Protected from the news media after her brother dies, Saskia is palmed off on family friends — Jane and Philip and their son, Xavier. They are bohemians, meaning that they live in a loft in Manhattan and Philip is a moody artist with a beard. After Jane leaves him, Philip bundles the kids into the car and drives up to a place called Home, a commune deep in the Maine woods. Maybe Saskia is the girl in the violent prophecy that Abraham, the magnetic pseudo-mystic who runs the place, keeps alluding to?
Dazzling and unsettling the residents with his arbitrary rules and pronouncements about how the world works, Abraham speaks in portentous aphorisms and exhibits a growing paranoia. The inhabitants need to prepare themselves, he says, for the inevitable moment when the authorities attempt to seize the property (he’s let the mortgage payments lapse). His philosophy, such as it is, is centered on the notion of “unthinging” — freeing oneself of material possessions, extraneous emotions and the trappings of the “thinged world.” But what constitutes a “thing” seems to be entirely up to him.
There is a lot to sort through. In dozens of alternating chapters, some less than a page long, Beverly-Whittemore unfurls the past and the present in parallel narrative lines, starting from Will’s death in one timeline and from the much later knock on Saskia’s door in the other.
This device can work in the story’s favor, with one chapter complementing the next, or it can attenuate the tension with extraneous logistical details. The journey Home, when Saskia and her friends return to the now-disbanded commune, is far less interesting than what happens once they arrive.

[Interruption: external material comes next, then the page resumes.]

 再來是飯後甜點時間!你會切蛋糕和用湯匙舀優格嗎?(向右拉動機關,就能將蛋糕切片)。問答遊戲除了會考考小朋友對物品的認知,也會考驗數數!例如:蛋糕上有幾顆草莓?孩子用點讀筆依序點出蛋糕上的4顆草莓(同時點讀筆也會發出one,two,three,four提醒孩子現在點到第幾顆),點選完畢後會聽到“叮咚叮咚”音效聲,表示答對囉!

There are so many lovely moments in the book, beautiful passages of writing that speak to Beverly-Whittemore’s empathy and lyrical powers of description. Gazing at Ben, the boy she loves on sight as a teenager, Sakia feels a thrill of connectivity. “His look of curiosity, and pleasure, surprised me,” she says. “A thread pulled so tautly between us that I knew if I could pluck it, it would make a beautiful sound.”

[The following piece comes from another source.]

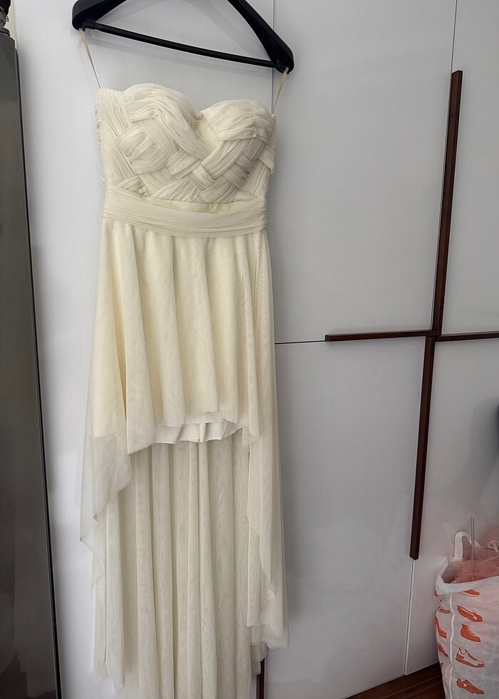 Önü kısa arkası uzun straplez yaka bir model krem rengi

At Home, too, Saskia revels in the splendor and wonder of the natural world as taught to her by Marta, an older woman who lives nearby and has, we will come to learn, a crucial role to play in everyone’s lives. Haunted by the memory of her lost brother, Saskia sees shades of Will everywhere. She talks to him in an effort to work through her survivor’s guilt.

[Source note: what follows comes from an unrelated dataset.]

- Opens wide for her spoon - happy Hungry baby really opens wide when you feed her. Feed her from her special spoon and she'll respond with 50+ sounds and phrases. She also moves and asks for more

“To speak the language of this place was another way to get close to you,” she writes. “You were out there somewhere, wandering, waiting.”
The book can plod at times, especially in its descriptions of the not-always-interesting residents of Home (including the ridiculously named Butterfly, a late-arriving free spirit whose role is to introduce discord and sexual competition to the community). Saskia and her closest friends are vivid and compelling when young, but less so as adults, bogged down as they are by outside relationships that clutter up the plot.
Responsibility, guilt, hypocrisy, the sins of the past, the innocence or lack thereof of the young, the lies we tell one another and ourselves, the easiest way to make a murder look like an accident, whether character is destiny — the book raises all of these issues and more.
Mostly, though, it’s an examination of Saskia, weighed down and haunted as she is. She is a fascinating character, her strengths and flaws equally interesting. Her role as perpetual victim, forever reliving the horrors inflicted on her by others, might not be the whole story. As the book progresses, past begins to meet present. A series of revelations culminates in several startling confrontations and, yes, more death.
Whipsawed by this new information, and by an aftermath that softens what could have been a daringly bleak ending, we’re left unsure how to feel about what has happened. Do we finally understand who Saskia is, really? Does she understand herself?
As she says at one point, addressing the specter of her dead brother: “You know what I am. You know what I do. You know that I am right to be afraid.”